A Conversation with North Korea Defense Policy Experts, January 20, 2017
1. The background of Kim Jong-un’s Economy-Nuclear Parallel Policy
1.1. The Actual Condition of the North Korean Military after Kim Jong-un’s Rise to Power
After Kim Jong-il’s sudden death in early 2012, Kim Jong-un was put in the position to lead the entire military.
In this new position, Kim Jong-un toured all the islands in the NLL area on the West Coast under the IV Corps to see their state of preparation for war.
When Kim Jong-un saw how the military bases on the frontline had been preparing for war he was speechless.
The North Korean military, which Kim Jong-un had seen, was incapable of going to war on North Korea’s established military doctrine.

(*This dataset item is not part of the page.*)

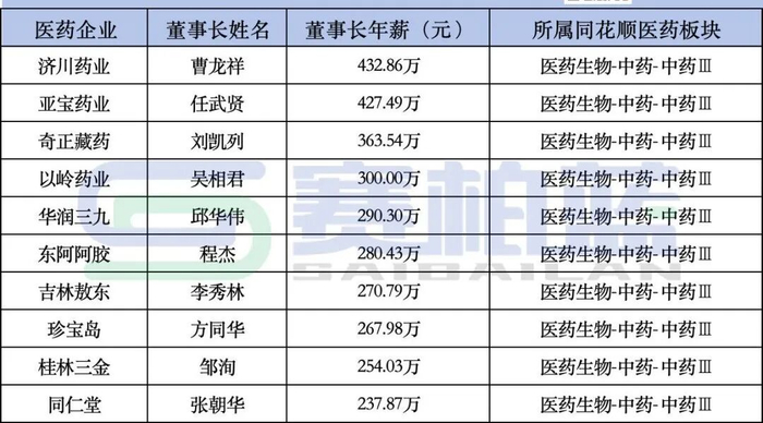 A股中药板块董事长年薪TOP10呈现薪酬集中化特征,整体差距相对不大。济川药业曹龙祥以432.86万元年薪位居榜首,亚宝药业任武贤、奇正藏药刘凯列分别以427.49万元、363.54万元紧随其后。

1.1.1. The North Korean military that is too weak to carry out North Korea’s Military Strategies on South Korea
North Korea’s military strategy towards South Korea is
1. Launch a preemptive attack
2. Combine conventional war and guerrilla war tactics and use ICBMs to block US military reinforcements.
Based on this strategy, North Korea has been storing war reserves, placing most of its forces on the frontline where they go through intense training for preemptive attacks in the highly mobilized military structure.
North Korea has been strengthening its preparations for high-level military services by operating a large special force of more than 200,000 soldiers.
However, the North Korean military that secured by Kim Jong-un is in no condition to carry out the military strategy against South Korea.
First, the embezzlement of war supplies has decreased the war reserve stocks, meaning there is not enough war supplies.
There are not enough weapons or equipment, and many avoid military training due to the lack of food that is supplied.
Second, even when looking at it in terms of preemptive strategy, the soldiers in North Korea’s frontline are severly malnourished and the poor command and control of the North Korean army means that it is not able to carry out an effective surprise attack.
Third, as soldiers are forced to do side-work during their military service, they have had limited training and their military abilities are limited.
Fourth, after the collapse of the former Soviet Union in the early 1990’s, the North Korean military has been unable to receive free military support and thus has not gone through a process of modernization in the military for almost 30 years.
In the end, Kim Jong-un learned that if an asymmetric strategy was not used, then he would not be able to narrow the gap between the South Korean military in terms of conventional force.
1.1.2. The Asymmetric Strategy Chosen by Kim Jong-un
Eventually in March 2013, Kim Jong-un adopted the parallel development policy of ‘economy and nuclear weapons’ during a plenary session of the Party Central Committee.
The essence of the parallel development policy was that weapons of mass distraction and asymmetric weapons such as nuclear and bio-chemical weapons could turn South Korea into ashes- an extremely dangerous strategy of unifying the Korean Peninsula.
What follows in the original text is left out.